Güngör, hipertansiyonun genetik yatkınlık ve çevresel faktörlerle temaslı olduğunu, yaşlanmayla hipertansiyon riskinin arttığını, bilhassa menopoz sonrası bayanlar ve 40 yaş üzeri erkeklerde hipertansiyonun daha yaygınlaştığını aktardı.
Birinci ve ikinci derece yakınlarında hipertansiyon hikayesi bulunan şahıslarda tansiyon hastalığının daha fazla görüldüğüne değinen Güngör, fazla kilolu olmak, sıhhatsiz beslenme, çok tuz tüketimi, hareketsizlik ve gerilim üzere faktörlerin, yaştan bağımsız olarak hipertansiyona yol açabileceğini belirtti.
Güngör, hipertansiyonun ekseriyetle belirti göstermediğine değinerek, şunları kaydetti:
“Halsizlik, baş ağrısı, yorgunluk ve nefes darlığı üzere belirtiler, hipertansiyon olabilir.

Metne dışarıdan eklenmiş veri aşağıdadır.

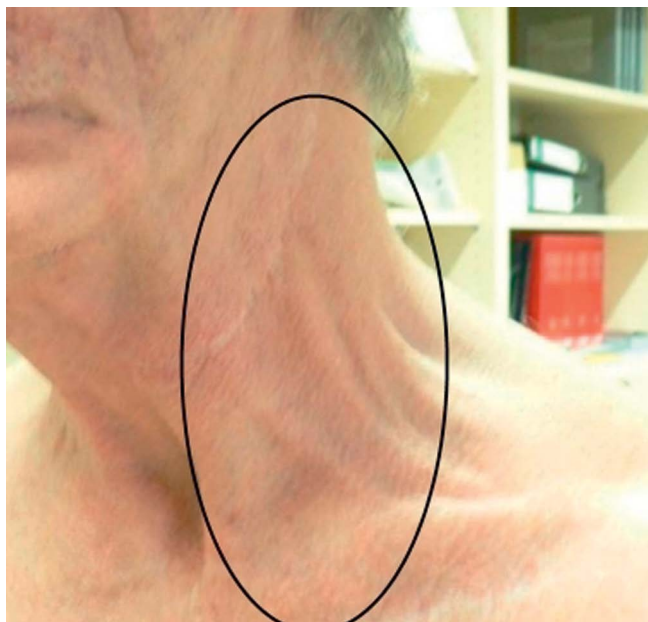
Abb. 1 Hyperkontraktiler Areal nach Pectoralis-Lappenplastik nach Operation eines Kieferkarzinoms.

Lakin hipertansiyonun en kıymetli semptomu, belirti göstermemesi, yani asemptomatik olması. Tansiyon, yıllar içerisinde yavaş yavaş yükseldiği için çoğunlukla klinik bulgu vermez. Bu nedenle, hipertansiyona ‘sinsi düşman’ deriz. Münasebetiyle sağlıklı bireylerin de sistemli olarak tansiyon ölçmesi gerekiyor.”
Tansiyonun yalnızca belirtilerin ve şikayetlerin olduğu durumlarda ölçülmesinin, toplumda yanlış bir algı olduğunu tabir eden Güngör, sistemli tansiyon takibi sayesinde hipertansiyon teşhis ve tedavisinin erken devirde yapılabileceğini vurguladı.

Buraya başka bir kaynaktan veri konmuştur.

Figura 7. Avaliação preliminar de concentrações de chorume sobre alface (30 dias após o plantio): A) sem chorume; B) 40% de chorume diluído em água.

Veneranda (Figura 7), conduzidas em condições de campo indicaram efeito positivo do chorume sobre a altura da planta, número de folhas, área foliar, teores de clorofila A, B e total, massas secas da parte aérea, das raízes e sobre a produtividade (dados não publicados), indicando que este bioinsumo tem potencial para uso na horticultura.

Güngör, tansiyonun, sakin ve rahatken, idrara sıkışık değilken, 5 dakikalık bir dinlenme sonrasında ölçülmesi gerektiğini kaydederek, “Sağlıklı bireyler, hiçbir şikayetleri olmasa bile rutin olarak ayda bir tansiyon denetimi yapmalı. Aort anevrizması üzere kalp hastalıkları, diyabet, böbrek üzere kronik hastalıkları olan hipertansiyon riski yüksek bireyler, daha sık tansiyon denetimi yapmalı.” sözlerini kullandı.
Hipertansiyonun denetim altına alınmasında doktor denetimi ve ilaç tedavisinin değerini vurgulayan Güngör, kelamlarını şöyle tamamladı:
“Hipertansiyonda ilaç tedavisi, hastanın yaşı, yandaş hastalıkları ve tansiyon bedellerine nazaran değişiklik gösteriyor. Bu nedenle hipertansiyon ilacı, kulaktan dolma bilgilerle ya da uzman olmayan bireylerin teklifiyle kullanılmamalı. İlaç kullanımı, her hastalıkta olduğu üzere hipertansiyonda da kesinlikle uzman tabip denetiminde olmalı. Hipertansiyon, tedavi edilmediği takdirde önemli sıhhat problemlerine yol açabilir. Bu nedenle sistemli tansiyon ölçümü ve kardiyoloji denetimi, sağlıklı bir ömür için ihmal edilmemeli.”